私の異能を知ってるなら普通に入れてくれれば善いのに、なんて事は口にしない。
建物内を見せない為かもしれないし、手枷なんてものよりかは彼の異能の方が何倍も拘束力が高いからかもしれない。
記憶通りの距離を歩くと私は云われる前に自ら足を止めた。
感覚が正しければ今目の前には
「手前、なんで止まったんだ」
突然歩みを止めた私に男は警戒を強める。
しかし腕を引くその手はただ握られているだけで痛みはなかった。
『この辺りに昇降機があると思ったので。勘違いであればすみません』
「...いや、別に間違ってるわけじゃねぇが」
男の声に不可解な間が空く。
この隙に腕を振りほどくことも考えたが、先程約束をしてしまったのでそのまま静かに待つ。
少しして何かを諦めたような息が聞こえたかと思うと再び腕を引かれた。
しかし一度強く引かれただけでそれ以上は続かない。
恐らくもう昇降機の前なのだろう。
その証拠にボタンを押し込むような音が小さく聞こえた。
壁を挟んだ向こう側で重いものを引っ張り上げる機械音がする。
数秒後ベルが鳴り、扉の開閉音が耳に届く。
腕を引かれて中へと誘導される。
この昇降機はガラス張りとなっており、高い位置からヨコハマの街を見下ろすことが出来るのだ。

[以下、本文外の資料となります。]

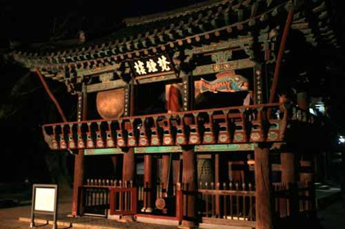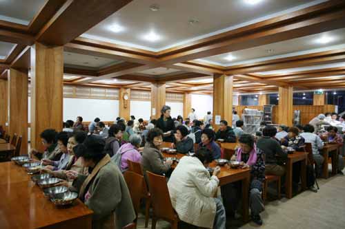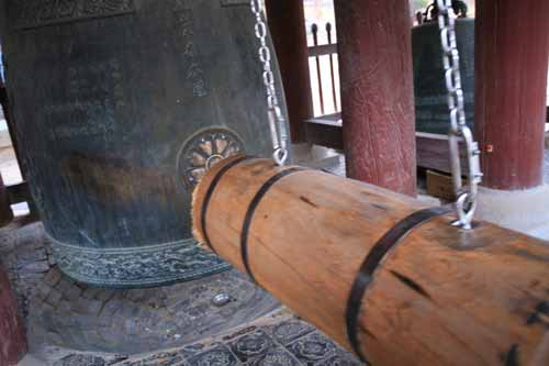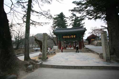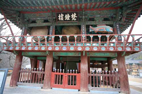 Mt. Chiseosan, has a beautiful view from the temple. The several hundred year-old pine trees lined up from the entrance to Ilju Gate, the small drum (used when praying in front of a Buddha figure) and bell, the sunset, the pond and the rocks and waterfalls behind the temple are grouped and called the 'Eight Famous Sceneries of Tongdosa Temple.'

何度見ても飽きないので、一度そう思ってしまうと景色を見たいという気持ちがどうしても込み上げてくる。
だがそれも今は目隠しのせいで叶わない。
少しばかりの抵抗をと私はお気に入りの曲を小さく口ずさんだ。
昇降機は一定の速度を保ってどんどん高度を上げていく。
やがてそれは穏やかになりベルの音と共に停止する。
昇降機が止まる時に感じるあの嫌な浮遊感を今回は感じなかった。
再度腕を引かれる。
流石に何階に止まったかまでは判らない。
どうせ取調室に連れていかれるのだろう。
...と、三十秒前まではそう思っていた。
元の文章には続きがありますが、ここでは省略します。